[[ DATA SHOWN, beginning ]]

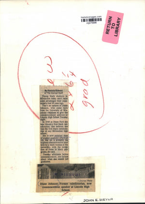 Diane Johnson: Former valedictorian now commencement speaker at Lincoln High School. Young black students in Milwaukee today don't have some advantages their counterparts had 30 years ago. That an opinion of Diane Johnson, who came here from the University of Wisconsin-Milwaukee to give the commencement address at Lincoln High School Tuesday night.
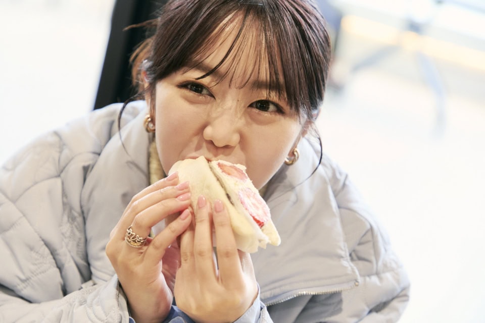 ショーウィンドウに並ぶ色とりどりのフルーツサンドに足を止めずにはいられない! 愛知県岡崎市で親子三代続く小さな町のスーパー「ダイワスーパー」が手掛ける「ダカフェ」は、三代目店主が手掛ける新形態で大バズリ。全国に知名度を引き上げた看板商品は、その名も「八百屋の作る本気のフルーツサンド」。旬のフルーツを中心にこだわりの素材で作られたメニューの数々はどれも間違いのない美味しさ! 峯岸さんはこの日初めて食べるという季節限定の苺大福をチョイス。
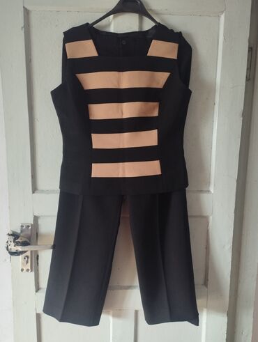 Женский комплект из трех предметов: жакет, брюки и топ. Брюки прямого кроя. Подходит для офиса, встреч и топ. Одевала только один раз, в отличном состоянии. Размер XL Цена 1500
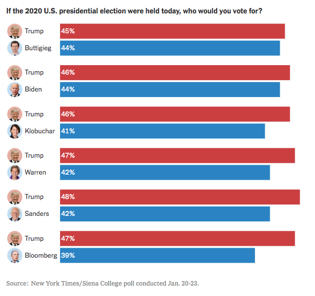 As Biden sort of stumbles in various primary polls, would be interesting to see if he’s still doing better head-to-head against Trump than any of the other Democratic candidates. My assumption is his numbers will be down there too, but I don’t really know.
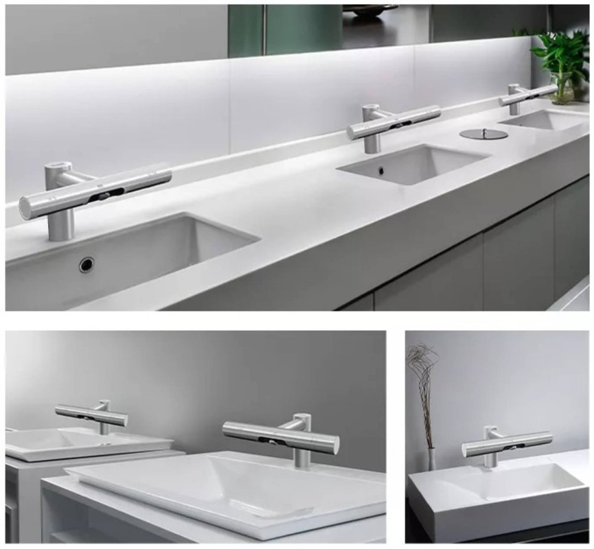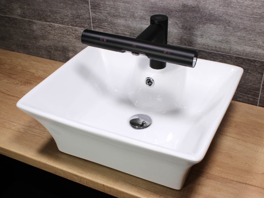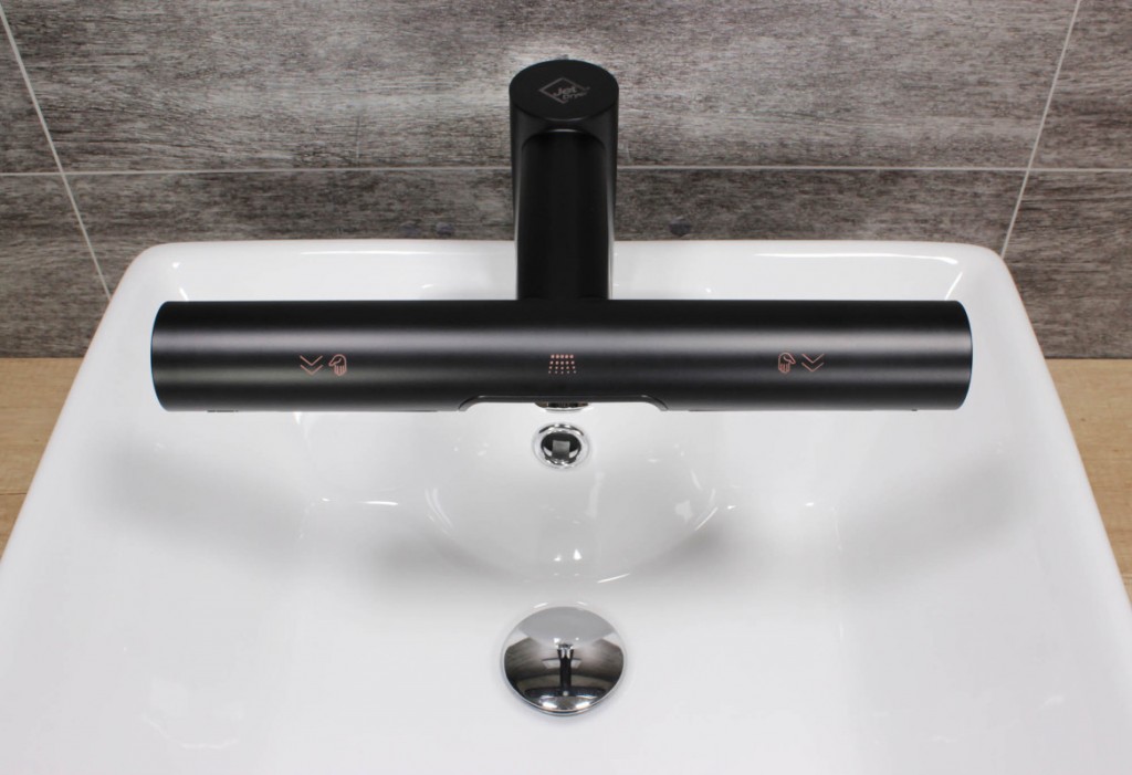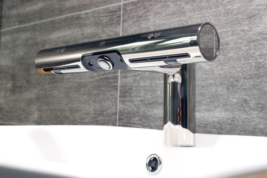 Inovatívny dizajn pre jednoduché použitieHygienické umytie a osušenie rúk nebolo nikdy jednoduchšie. Vložením rúk pod vodovodnú batériu začne automaticky tiecť voda s vopred nastavenou teplotou. Uprostred automatickej batérie sa nachádza vyústenie trysky sušiča. Spustenie je tiež bezkontaktné, stačí vsunúť ruky a pohybovať s nimi podobne ako pri umývaní.
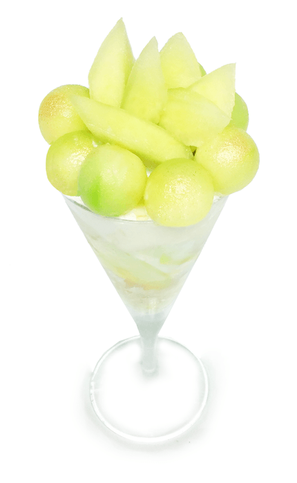 メロンの最高峰ともいわれる静岡県産の「マスクメロン」を、コクのあるカスタードアイスと合わせました。みずみずしいメロンとカスタードアイスが相性抜群のショートケーキパフェです。
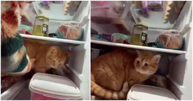 Рыжий кот решил отдохнуть на одной из полок холодильника, но хозяйка оказалась против.
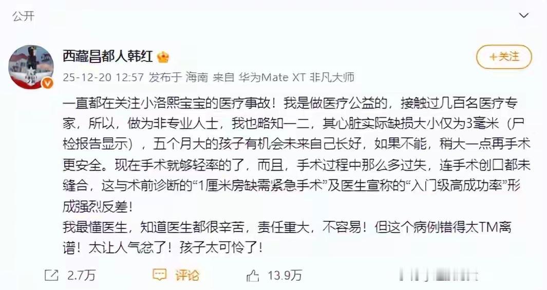 韩红说:这个病例错的太离谱!太让人气愤了!孩子太可怜了! 宁波手术后离世女婴小洛熙的尸检结果由法医刘良来做,目前有了尸检结果,看了尸检结果,真的让人泪目。 小洛熙的手术本可以不用在5个月时做的,完全可以长大以后再做手术,或者长大后就完全自愈了。她的离世是由缺血性休克造成的,肋骨间切开的口子没有缝合及多处创口未缝合。 况且医生在开胸手术没有告知家属的情况下就做手术了,没有监控且与医生告知家属的情况不符合,有隐瞒家属的嫌疑。 如今连韩红都发声,说明这起医疗事故的严重性,不容忽视,也是给医院的管理缺失一个警告吧。 小洛熙的离世令人心痛,换作任何一个家长都难以承受。作为家长我们也应该在此医疗事故中吸取教训,多跑几家医院听听医生怎么说,再做正确的选择。
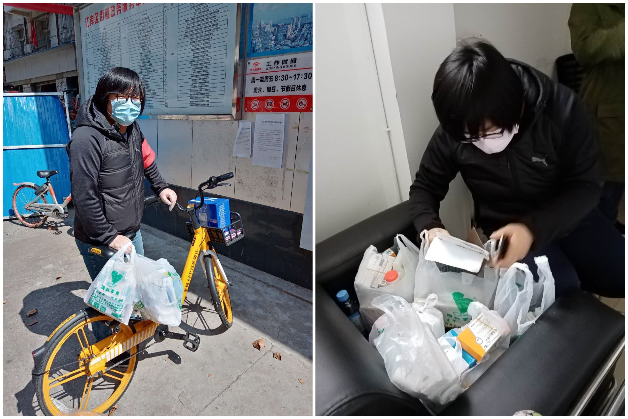 由于小区实行封闭式管理,居民不能进出,她负责的500多户居民近2000人,大部分都是年龄大、行动不便、不会使用手机的老人,有不少身患各种老年病、慢性病,为了解决居民们买药的实际困难,她又多了一个身份:“药品采购配送员"。每天朱晖所在的社区工作群里的都会有不少居民发来购买药品的诉求,她充分发挥了女同志细心、耐心的特点,一次次、一遍遍,不厌其烦,逐一给居民们回复、登记。为了让居民能及时拿到药,朱晖常常骑着共享单车一天多次往返药店与小区。非常时期,买药不容易,有时候药店门口排队等号就是1个多小时;一些慢性病的专用药往往要跑好几家药房才能配齐;降压药,降血脂这类药品更是紧张,跑遍方圆2公里的药店才买到。
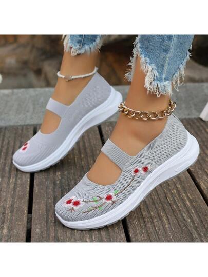 潮流优质平底女鞋老北京布鞋镂空透气防滑耐穿休闲平底乐福鞋适合妈妈 - 灰色 - 查看 1
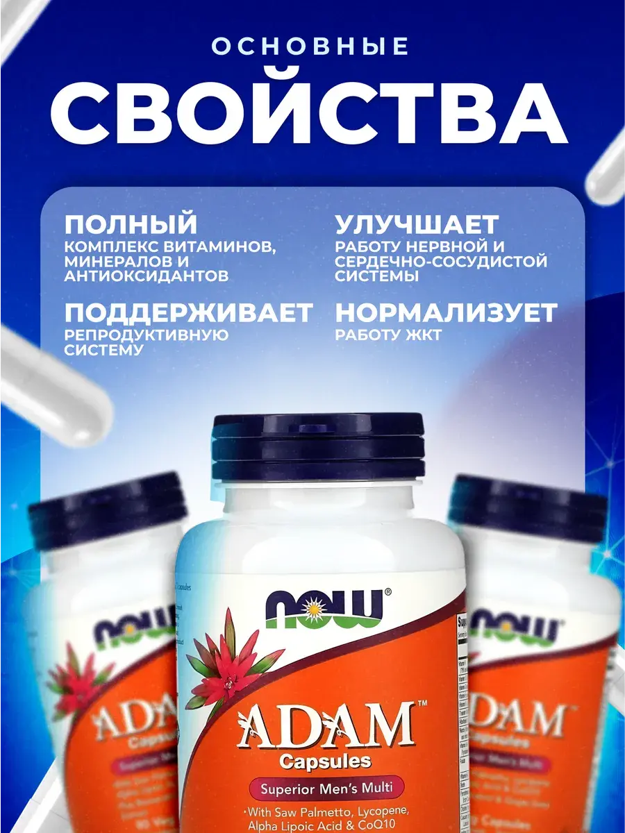 NOW ADAM - это комплексный витаминно-минеральный комплекс, специально разработанный для поддержания мужского здоровья. Формула NOW ADAM содержитcarefully selected витамины, минералы и другие питательные вещества, необходимые для поддержания оптимального уровня энергии, укрепления иммунитета и общего самочувствия. Регулярный прием NOW ADAM может помочь мужчинам в поддержании здоровья костей, мышц, сердечно-сосудистой системы и репродуктивной функции. Комплекс NOW ADAM - это удобный и эффективный способ позаботиться о своем здоровье и самочувствии.
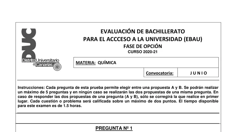 Enunciado oficial del examen de Química de la convocatoria ordinaria de 2021 de la EBAU/PAU de Canarias. PDF de 0.5 MB. Descarga gratuita y sin registro. ¿Preparando la selectividad? Calcula tu nota estimada o consulta la guía completa de selectividad 2026. Encuentra todos los exámenes de Química en Canarias o explora las 17 comunidades autónomas.

[[ DATA SHOWN, end ]]

* _ASSIGNMENT_
Reproduce the material above exactly, first line through the line that contains "As Biden sort", minus the pictures.

* _THE ANSWER_
 Diane Johnson: Former valedictorian now commencement speaker at Lincoln High School. Young black students in Milwaukee today don't have some advantages their counterparts had 30 years ago. That an opinion of Diane Johnson, who came here from the University of Wisconsin-Milwaukee to give the commencement address at Lincoln High School Tuesday night.
 ショーウィンドウに並ぶ色とりどりのフルーツサンドに足を止めずにはいられない! 愛知県岡崎市で親子三代続く小さな町のスーパー「ダイワスーパー」が手掛ける「ダカフェ」は、三代目店主が手掛ける新形態で大バズリ。全国に知名度を引き上げた看板商品は、その名も「八百屋の作る本気のフルーツサンド」。旬のフルーツを中心にこだわりの素材で作られたメニューの数々はどれも間違いのない美味しさ! 峯岸さんはこの日初めて食べるという季節限定の苺大福をチョイス。
 Женский комплект из трех предметов: жакет, брюки и топ. Брюки прямого кроя. Подходит для офиса, встреч и топ. Одевала только один раз, в отличном состоянии. Размер XL Цена 1500
 As Biden sort of stumbles in various primary polls, would be interesting to see if he’s still doing better head-to-head against Trump than any of the other Democratic candidates. My assumption is his numbers will be down there too, but I don’t really know.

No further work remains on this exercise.